Below is a listing; print exactly its lines from the one containing "第五届校园马拉松比赛在主操场" down to the one containing "Monster High Clawdeen's", both inclusive, with every picture left out.

Given data:
[Start of section]

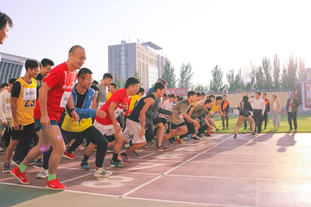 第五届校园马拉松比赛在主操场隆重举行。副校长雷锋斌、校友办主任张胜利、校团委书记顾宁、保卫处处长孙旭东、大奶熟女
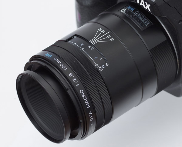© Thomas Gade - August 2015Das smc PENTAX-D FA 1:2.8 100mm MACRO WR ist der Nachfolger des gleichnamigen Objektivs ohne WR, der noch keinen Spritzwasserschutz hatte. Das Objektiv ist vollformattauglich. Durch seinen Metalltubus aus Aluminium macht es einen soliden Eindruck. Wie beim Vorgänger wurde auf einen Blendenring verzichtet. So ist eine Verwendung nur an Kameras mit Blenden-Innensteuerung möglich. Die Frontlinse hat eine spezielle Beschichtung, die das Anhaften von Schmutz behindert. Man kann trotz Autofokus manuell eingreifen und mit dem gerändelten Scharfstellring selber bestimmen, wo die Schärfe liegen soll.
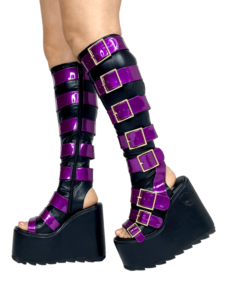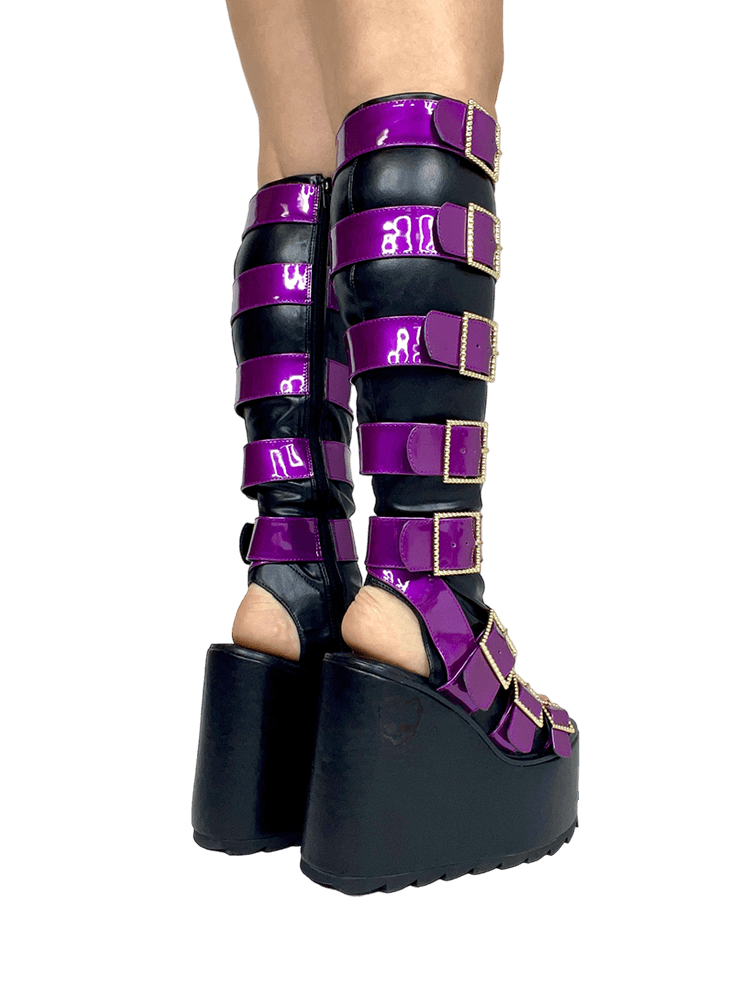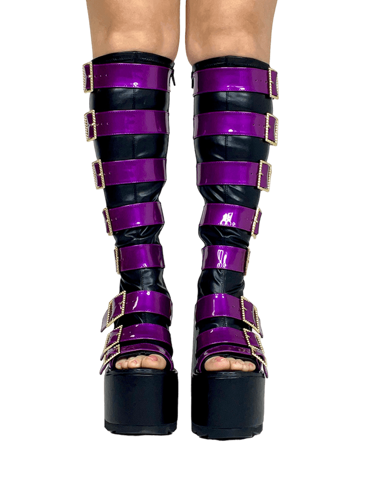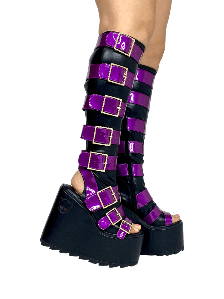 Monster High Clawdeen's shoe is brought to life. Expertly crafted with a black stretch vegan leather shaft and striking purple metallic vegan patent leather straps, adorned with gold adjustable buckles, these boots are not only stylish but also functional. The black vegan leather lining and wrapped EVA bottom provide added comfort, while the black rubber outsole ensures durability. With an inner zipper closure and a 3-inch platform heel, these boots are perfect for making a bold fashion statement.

[End of section]
[Start of section]

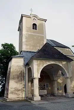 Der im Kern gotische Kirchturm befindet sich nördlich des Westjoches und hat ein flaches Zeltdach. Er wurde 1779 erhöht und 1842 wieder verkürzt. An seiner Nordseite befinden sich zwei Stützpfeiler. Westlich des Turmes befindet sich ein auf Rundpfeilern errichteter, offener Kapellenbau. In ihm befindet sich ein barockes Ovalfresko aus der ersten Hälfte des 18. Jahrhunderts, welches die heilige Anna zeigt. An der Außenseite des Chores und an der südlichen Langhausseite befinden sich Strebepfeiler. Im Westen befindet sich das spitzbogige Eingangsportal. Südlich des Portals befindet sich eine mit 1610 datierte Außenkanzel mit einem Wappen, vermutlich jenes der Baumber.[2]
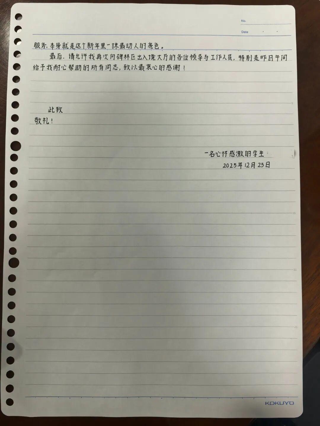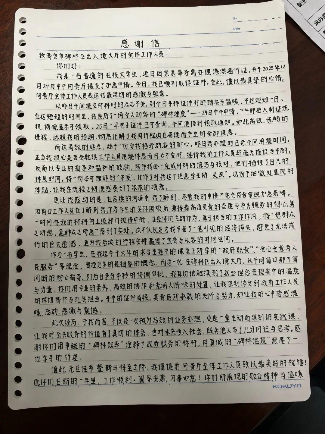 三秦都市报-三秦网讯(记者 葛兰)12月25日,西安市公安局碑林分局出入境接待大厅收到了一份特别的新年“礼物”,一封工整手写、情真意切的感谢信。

[End of section]

Exercise solution:
 第五届校园马拉松比赛在主操场隆重举行。副校长雷锋斌、校友办主任张胜利、校团委书记顾宁、保卫处处长孙旭东、大奶熟女
© Thomas Gade - August 2015Das smc PENTAX-D FA 1:2.8 100mm MACRO WR ist der Nachfolger des gleichnamigen Objektivs ohne WR, der noch keinen Spritzwasserschutz hatte. Das Objektiv ist vollformattauglich. Durch seinen Metalltubus aus Aluminium macht es einen soliden Eindruck. Wie beim Vorgänger wurde auf einen Blendenring verzichtet. So ist eine Verwendung nur an Kameras mit Blenden-Innensteuerung möglich. Die Frontlinse hat eine spezielle Beschichtung, die das Anhaften von Schmutz behindert. Man kann trotz Autofokus manuell eingreifen und mit dem gerändelten Scharfstellring selber bestimmen, wo die Schärfe liegen soll.
 Monster High Clawdeen's shoe is brought to life. Expertly crafted with a black stretch vegan leather shaft and striking purple metallic vegan patent leather straps, adorned with gold adjustable buckles, these boots are not only stylish but also functional. The black vegan leather lining and wrapped EVA bottom provide added comfort, while the black rubber outsole ensures durability. With an inner zipper closure and a 3-inch platform heel, these boots are perfect for making a bold fashion statement.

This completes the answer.